17 of 487 comments (clear)

  1. Re:Don't hire union workers by AliasMarlowe · · Score: 5, Funny

    Rock Star Developers, seriously? None of them are that good.

    Agreed. Rock Stars suck as developers. And most of them suck at rock, as well.

    --
    Those who can make you believe absurdities can make you commit atrocities. - Voltaire
  2. Re:Don't hire union workers by Anonymous Coward · · Score: 5, Informative

    I'm not sure about how unions work in America, but in Germany the purpose of an organised workplace is to have a forum between workers and management. The union wants the company to be productive because that secures jobs and usually results in higher wages. The management want the workers to be happy because then staff turnover is reduced, productivity increased and honesty maintained.

    The UK and the USA are falling further behind as they put short-term executive profit over the needs of all classes of people.

  3. Re:"rockstar developer" by jcr · · Score: 5, Insightful

    No-one who identifies himself as a rockstar developer is a rockstar developer, and no good developer would call himself a rockstar.

    I agree 100%. I've had the good fortune to work with some extremely talented developers in my career, and the best of them tend to be very humble about their skills (mostly because they tend to seek out the company of other engineers who are as good as they are.) "Rockstar" is a bullshit term used by dotcom promoters and headhunters.

    -jcr

    --
    The only title of honor that a tyrant can grant is "Enemy of the State."
  4. Desperate justification for hiring cheap people? by gweihir · · Score: 5, Interesting

    This sounds like a desperate justification for doing it on the cheap. And the "truths" are badly flawed. First, the term "rockstar" is already pretty bad and way off. A very senior engineer is not a "rockstar". Rockstars are people that crave attention and can generate it.

    As to the items:
    1. Wrong. If you hire highly competent and professional people, the savings in time, maintenance, etc. will be far higher then the higher salary you have to pay them.
    2. Wrong. People in the described situation have trouble seeing the big picture, and will get details wrong as well. Their code will basically barely good enough if you are lucky, but it will be a nightmare of maintenance, architecture and design issues.
    3. Wrong. This is confusing "rockstars" with very senior engineers. Very senior (by experience and capability, not age) engineers will know this pitfall (hint: Brooks calls it the "second system effect", a really senior coder will know about that) and will know how to avoid it.
    4. Well, yes. But what is the point? If the hiring process is run incompetently, of course you will get bad people. That is in no way the fault of the good people that are out there as well.

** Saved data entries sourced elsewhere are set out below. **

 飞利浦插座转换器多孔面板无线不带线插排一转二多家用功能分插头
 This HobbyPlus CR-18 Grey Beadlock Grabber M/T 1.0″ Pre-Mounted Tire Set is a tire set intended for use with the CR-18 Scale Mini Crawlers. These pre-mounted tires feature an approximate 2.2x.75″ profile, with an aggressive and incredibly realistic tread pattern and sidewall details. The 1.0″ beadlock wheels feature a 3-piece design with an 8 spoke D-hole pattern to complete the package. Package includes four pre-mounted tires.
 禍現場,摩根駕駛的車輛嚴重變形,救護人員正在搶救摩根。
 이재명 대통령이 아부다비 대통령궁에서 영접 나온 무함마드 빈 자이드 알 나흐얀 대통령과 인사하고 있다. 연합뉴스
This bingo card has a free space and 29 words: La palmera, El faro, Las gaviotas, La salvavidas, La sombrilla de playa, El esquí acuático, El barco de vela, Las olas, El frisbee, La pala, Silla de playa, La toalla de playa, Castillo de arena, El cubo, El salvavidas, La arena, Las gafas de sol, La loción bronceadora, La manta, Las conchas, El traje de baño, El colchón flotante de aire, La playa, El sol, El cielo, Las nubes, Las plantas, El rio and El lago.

Seems to me the author needed an excuse to bring it up to 6.
    5. Wrong. This is a typical problem of people that may think they are senior when in fact they are not. Also see 3 and 4.
    6. And here the truth is revealed. This person does not want senior individuals that actually know what they are doing and may criticize as stupid plan. In fact this person wants no individuals on the team, so everybody can be replaced easily and knows it. Yes-men preferred. Unfortunately that is a sure recipe for disaster.

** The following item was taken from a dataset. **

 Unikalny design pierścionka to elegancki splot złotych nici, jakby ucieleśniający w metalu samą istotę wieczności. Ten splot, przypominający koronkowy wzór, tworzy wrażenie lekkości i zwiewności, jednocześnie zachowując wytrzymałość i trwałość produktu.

    Bottom line: All there "truths" are wrong or irrelevant and show the real problem: The author of this article has no clue and is a "rockstar" himself. But not one of those that can actually do things right. Just one of those small people that cannot handle others being better at something than he is.
     

    --
    Most ACs are not even worth the keystrokes to insult them. Be generically insulted by this and ignored otherwise.
  5. Re:Troll Article? by Xest · · Score: 5, Insightful

    Exactly.

    If your "rock star" developers are over-engineering the problem, writing bad code or whatever, then they weren't "rock star" developers, but a bunch of ill experienced or underqualified amateurs that's kind of the fucking point.

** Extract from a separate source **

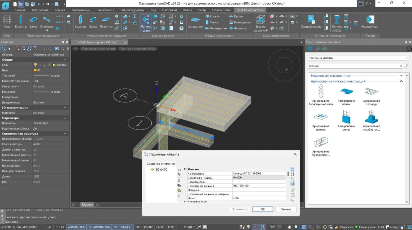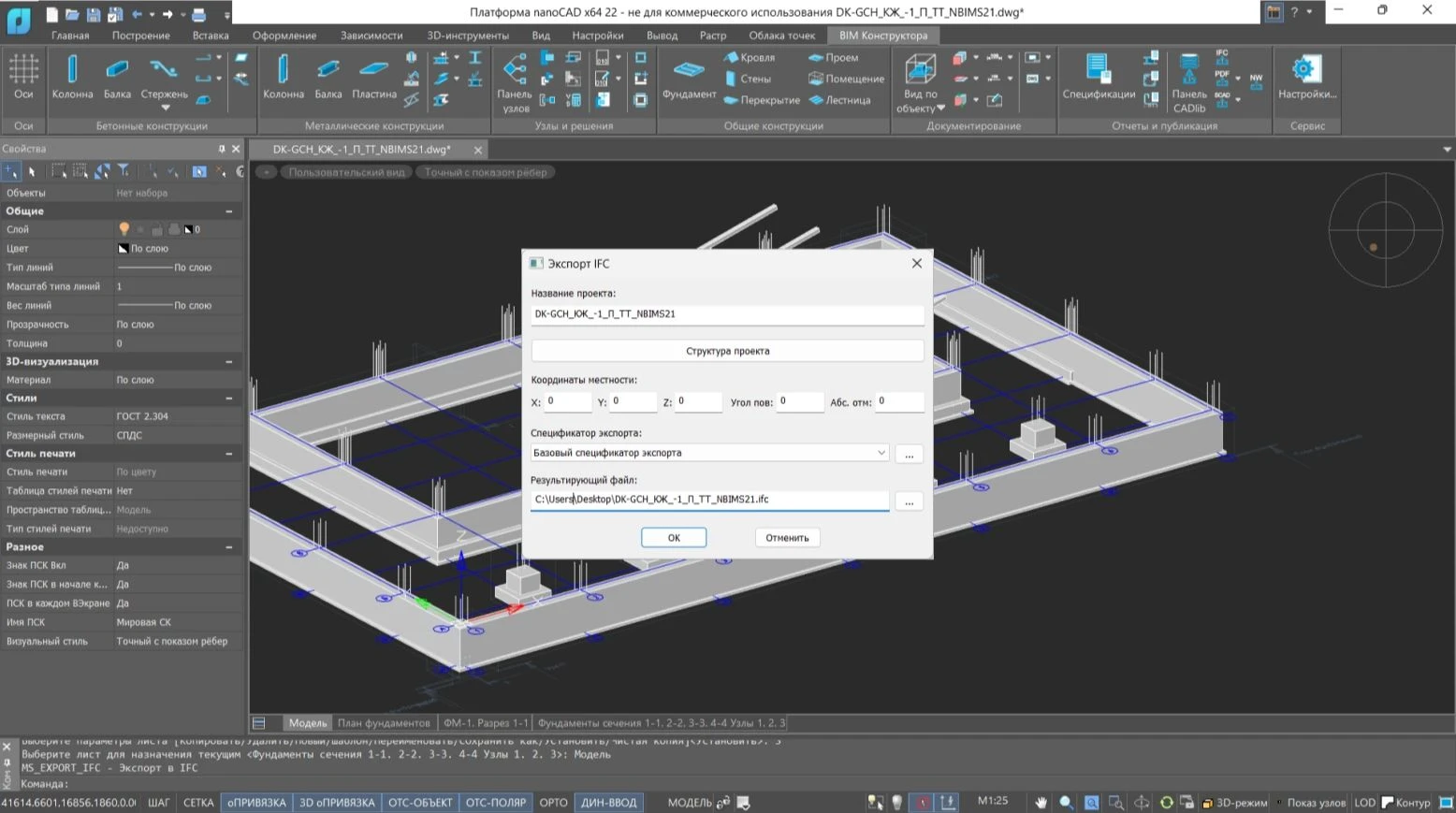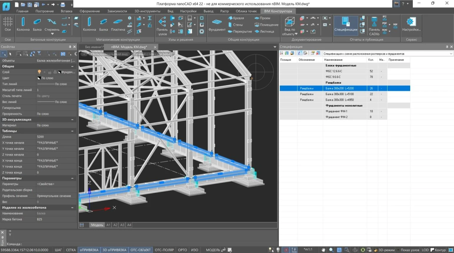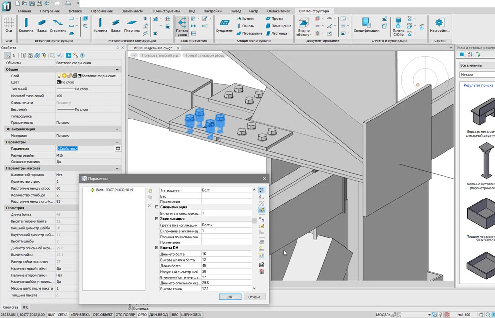 nanoCAD BIM Конструкции предназначен для проектирования металлических и бетонных конструкций зданий/сооружений на принципах информационного моделирования (Building Information Modeling).

    The article will be better labelled as "If your rock star developers aren't, then they'll produce just as shit a product as developers who don't even pretend to be capable of doing the given task".

  6. Re:Unmanageable by Xest · · Score: 5, Insightful

    I think you've probably just been fleeced.

    ""Rock stars" - we called them divas in my company - are notoriously unmanageable: many of them are temperamental, don't work well with others"

    To me this means they weren't rock star developers. Being a great developers means being excellent not just at writing fancy algorithms, but being able to architect great code, being able to communicate with the project stakeholders to find out what they really want, being able to organise and train other coders to improve their level of competence. If your "rock star" developers were problematic, then I'd argue what you actually had were a bunch of people who managed to sell themselves as being more competent than they were - they told you they were "rock star" developers and you believed them, but in reality they weren't.

    "tend to do what they "know" is right instead of doing what they're told"

    I take issue with this. Surely the whole point in hiring the best of the best is that they know from experience what the fuck they are doing. If you don't listen to them then you are hence the problem, why hire them if you're just not going to listen to them and do things your way anyway? If you know better then you don't need them in the first place. If you do need them, then fucking listen to them.

    Really, it's not difficult. The ones who really do deserve the "rock star" developer title are the ones whom you'd never have any of the problems you listed with (bar the one in the last paragraph which I believe is a flaw with your management rather than them). If you're having those problems then you've hired a salesman. A salesman who is a pro at selling himself at an overinflated price, but not really the person you were actually looking for.

    Having an ego runs completely counter to being a great developer or engineer, because if you have an ego you're not capable of introspection, you're not capable of noticing your flaws, your weak areas, and improving them. If your devs have an ego then they're never going to be as good as the ones who quietly and happily just self improve. Take John Romero and John Carmack, one of these has a massive fucking ego, an ego so big it can fill a football stadium, the other has a long history of writing pretty impressive cutting edge code without ever displaying an ounce of ego. The latter has had an impressive career developing cutting edge tech, the former, when he went it alone became probably the biggest flop in the industry and his studio was only saved by a bunch of other previously nameless devs who worked on a separate project away from him.

    Egos are a trait of wannabes, real superstars just get the fuck on and do what they do.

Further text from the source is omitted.